The easiest way I can see doing this is by using something like the following:
{code}
UserGroupInformation remoteUser =
UserGroupInformation.getRemoteUser(clientUserName);
String shortUsername = remoteUser.getShortUsername();
{code}
Another solution could be to do the following:
{code}
//if security is set to kerberos...
HadoopKerberosName kbName = new HadoopKerberosName(clientUserName);
String shortUsername = kbName.getShortUsername()
{code}
The first solution is a bit strange but looks more attractive to me as it
allows _RMAppImpl_ to stay agnostic to the underlying security framework. Any
suggestions?
> Unable to get AMRMToken in unmanaged AM when using a secure cluster
> -------------------------------------------------------------------
>
> Key: YARN-2892
> URL: https://issues.apache.org/jira/browse/YARN-2892
> Project: Hadoop YARN
> Issue Type: Bug
> Components: resourcemanager
> Reporter: Sevada Abraamyan
> Assignee: Sevada Abraamyan
> Attachments: YARN-2892.patch, YARN-2892.patch, YARN-2892.patch
>
>
> An AMRMToken is retrieved from the ApplicationReport by the YarnClient.

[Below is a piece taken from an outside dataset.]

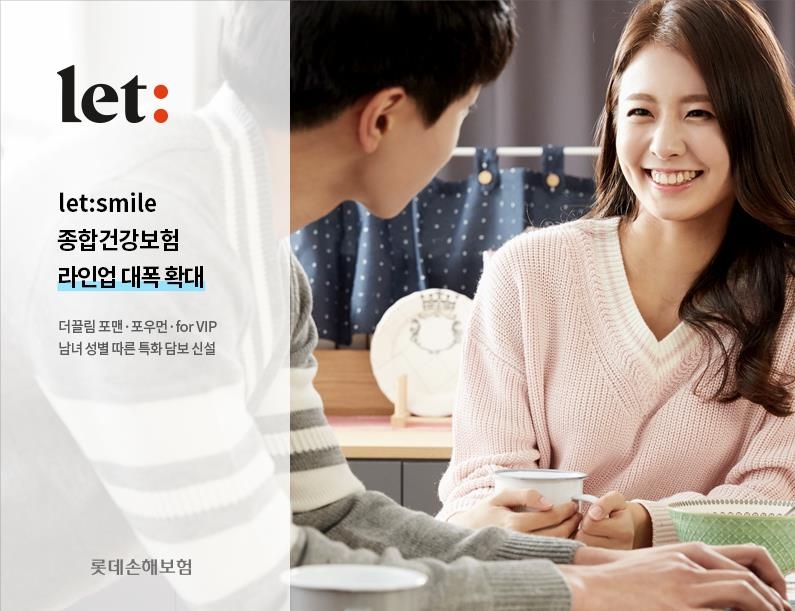(서울=연합뉴스) 이지헌 기자 = 롯데손해보험[000400]은 성별 특화 보장을 강화하는 방향으로 주력 상품인 '렛:스마일(let:smile)' 종합건강보험의 상품군을 대폭 늘렸다고 18일 밝혔다.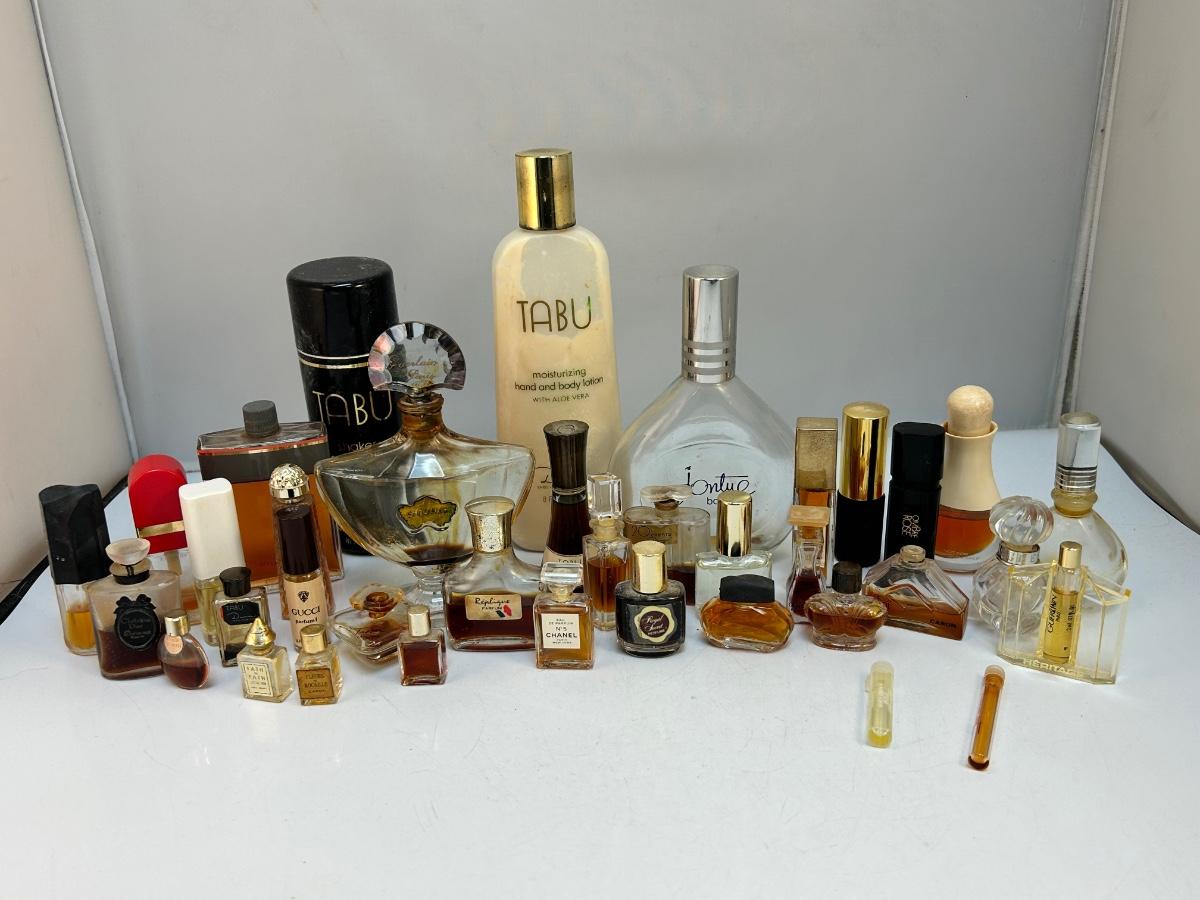 Huge Mixed Lot of Vintage and Retro Perfume Bottles Tabu Chanel Dior Gucci Various Amounts. All sizes and shapes. Some empty, some full, and some in between.

> When the RM creates the ApplicationReport and sends it back to the client it
> makes a simple security check whether it should include the AMRMToken in the
> report (See createAndGetApplicationReport in RMAppImpl).This security check
> verifies that the user who submitted the original application is the same
> user who is requesting the ApplicationReport. If they are indeed the same
> user then it includes the AMRMToken, otherwise it does not include it.
> The problem arises from the fact that when an application is submitted, the
> RM saves the short username of the user who created the application (See
> submitApplication in ClientRmService). Afterwards when the ApplicationReport
> is requested, the system tries to match the full username of the requester
> against the previously stored short username.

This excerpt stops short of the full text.